Configuring Cloudera manager to use the new database
On the server where cloudera manager server runs there is a file, /etc/cloudera-scm-server/db.properties, that holds the information needed to connect to the cloudera manager database. Here is how it looks like when using the embedded database:
com.cloudera.cmf.db.type=postgresql com.cloudera.cmf.db.host=localhost:7432 com.cloudera.cmf.db.name=scm com.cloudera.cmf.db.user=scm com.cloudera.cmf.db.password=BEEkbbBpLR com.cloudera.cmf.db.setupType=EMBEDDED
You can see that the password is there in clear text, not very secured…
We should run a script that prepares the data structures for cloudera manager in the new Oracle database and also creates a new /etc/cloudera-scm-server/db.properties file that points scm server to the new database. The script is on the scm server in this path: “/usr/share/cmf/schema/scm_prepare_database.sh”. There are many options and they are all documented here, but this is how I ran it:
[[email protected] ~]# /usr/share/cmf/schema/scm_prepare_database.sh oracle -h oracle.lan cloudera scmserver scmserver JAVA_HOME=/usr/java/jdk1.7.0_67-cloudera Verifying that we can write to /etc/cloudera-scm-server Creating SCM configuration file in /etc/cloudera-scm-server Executing: /usr/java/jdk1.7.0_67-cloudera/bin/java -cp /usr/share/java/mysql-connector-java.jar:/usr/share/java/oracle-connector-java.jar:/usr/share/cmf/schema/../lib/* com.cloudera.enterprise.dbutil.DbCommandExecutor /etc/cloudera-scm-server/db.properties com.cloudera.cmf.db. [ main] DbCommandExecutor INFO Successfully connected to database.
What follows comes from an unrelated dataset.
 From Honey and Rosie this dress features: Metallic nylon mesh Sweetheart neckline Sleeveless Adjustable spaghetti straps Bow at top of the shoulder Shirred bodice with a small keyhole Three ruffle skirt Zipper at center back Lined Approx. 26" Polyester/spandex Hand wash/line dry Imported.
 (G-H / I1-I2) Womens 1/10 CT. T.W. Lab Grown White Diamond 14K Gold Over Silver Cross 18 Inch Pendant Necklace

All done, your SCM database is configured correctly!
Remove the old db.management.properties file that contains the old management services database information and start scm server:
mv /etc/cloudera-scm-server/db.mgmt.properties /etc/cloudera-scm-server/db.mgmt.properties.old service cloudera-scm-server start
You will have to wait a while until the server is up and running and ready to accept requests. Now we will upload the deployment backup JSON file we created earlier to the new database using the following command (This will work only for a system with enterprise data hub license and not for express edition:
curl --upload-file deployment.json -u admin:admin -H "Content-Type: application/json" http://cloudera1:7180/api/v16/cm/deployment?deleteCurrentDeployment=true
You should replace the file with the location and name of you own file, and the host name with the name of your scm server host. The version (v16) may also be different, I showed earlier in this post how to check the version. If everything is OK, then you will receive the contents of the configuration file as a return value.
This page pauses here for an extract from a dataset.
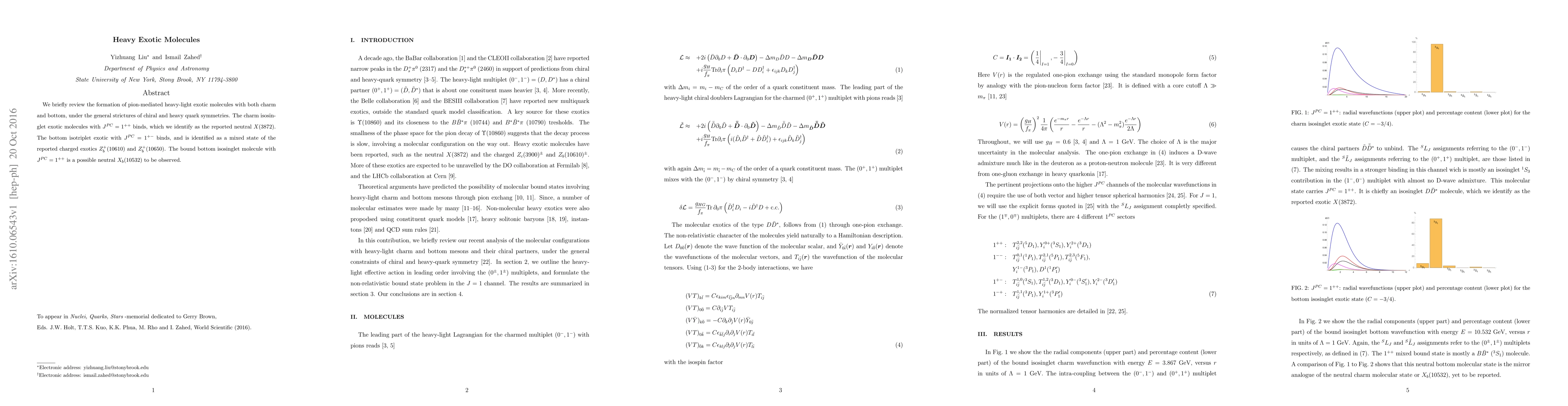 We briefly review the formation of pion-mediated heavy-light exotic molecules with both charm and bottom, under the general strictures of chiral and heavy quark symmetries. The charm isosinglet exotic molecules with $J^{PC}=1^{++}$ binds, which we identify as the reported neutral $X(3872)$. The bottom isotriplet exotic with $J^{PC}=1^{+-}$ binds, and is identified as a mixed state of the reported charged exotics $Z^+_b(10610)$ and $Z^+_b(10650)$. The bound bottom isosinglet molecule with $J^{PC}=1^{++}$ is a possible neutral $X_b(10532)$ to be observed.

Then restart cloudera-scm-server service.
Now scm server should start up and you will be able to login to the admin console and see all your cluster data. However, the scm server won’t be able to communicate with the agents. To fix this, run the following commands on each node:
rm -f /var/lib/cloudera-scm-agent/cm_guid service cloudera-scm-agent restart
At this point some management services such as report manager and activity monitor might not work. This is because you have to manually tell them to use Oracle database instead of PostgreSQL. Go to Cluster -> Configuration-> Database settings:
There you will find a list of database related properties for each management service, like database type, DB host name and port, user and password. For example, here is the definitions for Activity monitor:
Change all of them to refer to our new Oracle database and then click save. You may need to redeploy client configuration for the changes to take effect. After that all management services should work properly.